A good place to dispose of human remains, a place where nature could inflict tremendous damage on a corpse and render many of the clues it might have given up hard to discern, even destroy them. Over the years, a number of criminals had tried to dispose of bodies and evidence on land much like this. And, God knew, many of them had succeeded.

 

The jogger was just the poor civilian who had happened upon the physical remnants of a brutal crime. There would be little, if anything, she could tell him. Still, he would speak with her himself for a moment. Later.

 

For now…

 

The victim.

 

“Where’s the M.E.?” he asked.

 

“Right over there, talking with Pentillo, who was first officer on the scene. The M.E. is Tristan Gannet. Mandy’s taking the last of the pictures he requested right now.”

 

“Good. I’m glad we’ve got Gannet and Nightingale.”

 

Mandy Nightingale, one of their best photographers, was snapping photos as they carefully approached the position of the body.

 

“Hi, Jake,” she said, acknowledging his arrival with a quick nod before she snapped another photo.

 

“Mandy, good to see you here.”

 

They had worked together many times.
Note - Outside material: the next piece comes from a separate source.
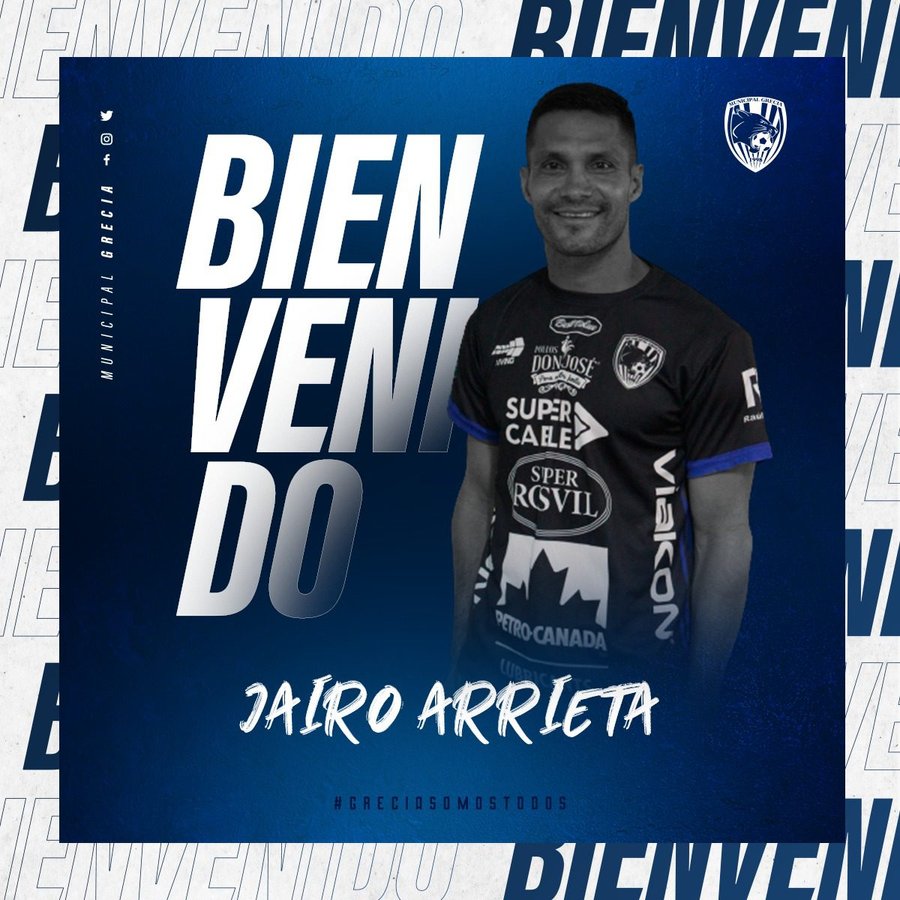 Alajuela, 25 may (elmundo.cr) – Hace escasos minutos, el Municipal Grecia informó que llegó a un acuerdo con el delantero Jairo Arrieta para reforzar al club de cara al torneo venidero.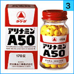 アリナミンA50は、ビタミンB1誘導体フルスルチアミンを1錠中50mgを主成分とし、さらにビタミンB6、ビタミンB12、ビタミンB2を配合した黄色の糖衣錠です。

She was thin as a wraith, with steel gray, close-cropped hair, and a strong, Native-American facial structure that defied age entirely. She was quick and efficient, careful to snap a crime scene in its entirety, to make sure that she not only got excellent photographs of the body but of the surrounding elements as well.

 

“Thanks, Jake. I’ll be out of your way in just a second.”

 

“Take your time, Mandy,” he told her. “There’s no hurry for this one now.”

 

“I think I’ve gotten just about everything I can and everything that Dr. Gannet specified,” she assured them, squatting low to focus on a last photograph. “I’ll be over with Pentillo, hanging around ’til the M.E. moves the body and I can take the rest of the shots,” she told them.

 

“Thanks, Mandy.”

 

She nodded. “I think Dr. Gannet knows you’re here. I’ll send him right over.”

 

Jake hunkered down on the balls of his feet to study the body in the position in which it had been found.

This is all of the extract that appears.